Once you've added this DAG to your project:

  1. Run $ astro dev stop and $astro dev start to rebuild your image locally
  2. Trigger your new DAG (example_secrets_dags) via the Airflow UI at http://localhost:8080/admin/
  3. Click on test-task > View Logs
  4. Confirm your smtp_default connection information is being printed in the task logs.

Airflow Logs for Vault

This works because we set the connections_path in our AIRFLOW__SECRETS__BACKEND_KWARGS to be connections. You are welcome to change this path name if you'd prefer to access Variables from a different Vault directory.

Note: If you've written other secrets to your Vault server's /connections path, you should be able to test those here as well just by changing the my_conn_id value in the DAG code above.

Use Vault Secrets in your DAGs

Once you've established that your connection is working, you can leverage the BaseHook.get_connection(kwargs['conn_id']) method to use your connections in your own DAG code.

You can also pass the conn_id of your secret directly to most Airflow operators, which will take care of instantiating the connection using a pre-built hook.

Deploy to Astronomer

Once you've confirmed that your connections are being imported correctly locally, you're ready to set your Environment Variables on Astronomer.

  1. Navigate to Deployment > Configure > Environment Variables section of the Software UI
  2. Set your VAULT__ROOT_TOKEN and VAULT__URL as you did above
  3. Click Deploy Changes to save and publish your changes
  4. Deploy to Astronomer by running $ astro deploy

You now should be able to see your connection information being pulled from Vault on Astronomer! If you're interested in pulling Airflow Variables, read below.

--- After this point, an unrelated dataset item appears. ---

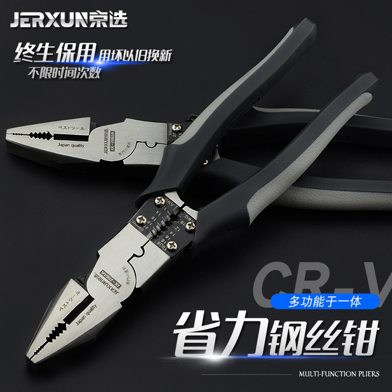 京选多功能8寸钢丝钳老虎钳电工钳子省力平口压线剥线剪线剥皮钳
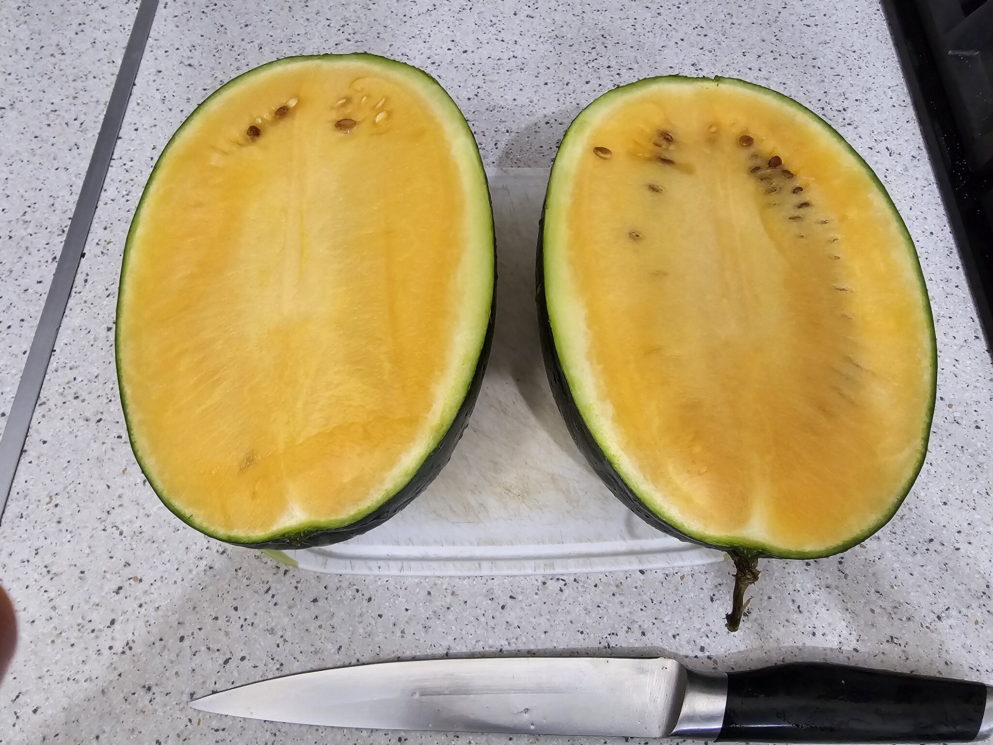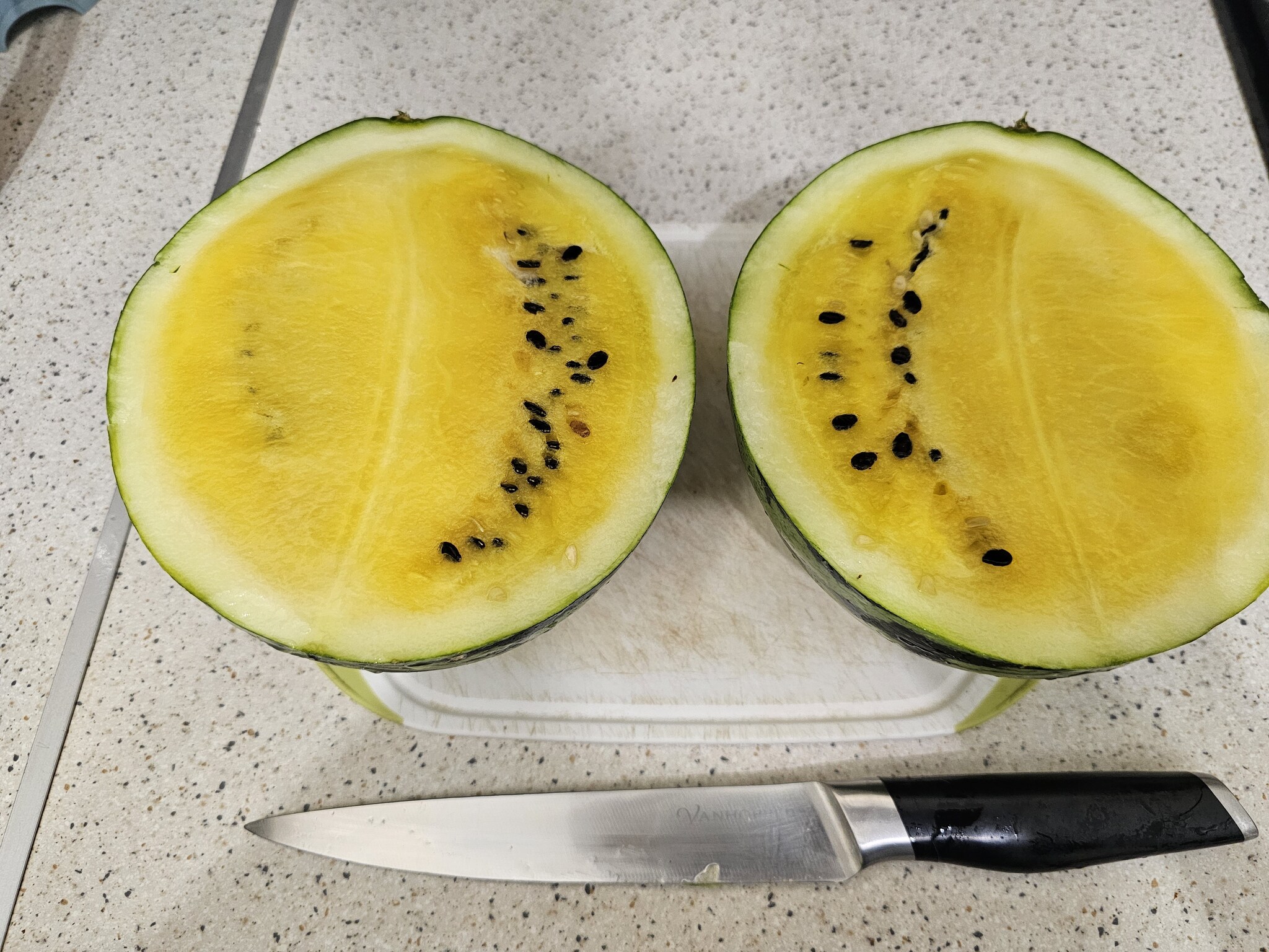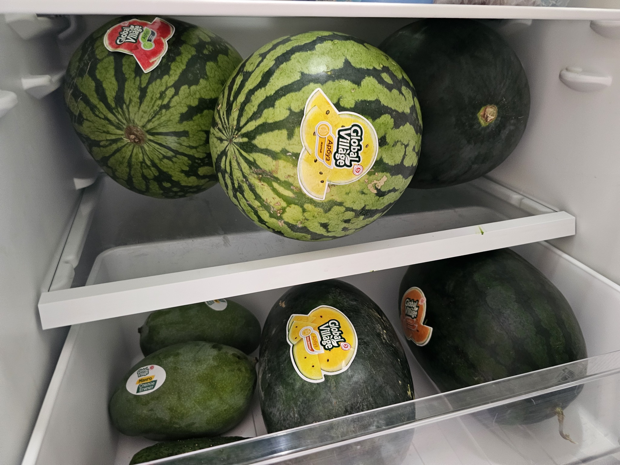 Первым было решено съесть "оранжевый свежий" и это был самый невкусный арбуз. Точнее, он был вообще безвкусным и с еле ощутимым запахом тыквы. Возможно, слово свежий в названии говорит о том, что он не спелый, но есть его было невозможно.

Pulling Variables from Vault

While the above section required that you add your connection information as a conn_uri to Vault, you can also pull Airflow Variables from Vault. To do so, you'll need to add your variable to vault via the following syntax:

vault kv put airflow/variables/hello value=world

This works because we set the variables_path in our AIRFLOW__SECRETS__BACKEND_KWARGS to be variables. You are welcome to change this path name if you'd prefer to access variables from a different Vault directory.

Now, if you print Variables.get('hello') in Airflow, it will print the value of that variable. In our case, that's world.

AWS SSM Parameter Store

In this section, we'll walk through how to use AWS SSM Parameter Store as a secrets backend for your Airflow Deployment running on Astronomer.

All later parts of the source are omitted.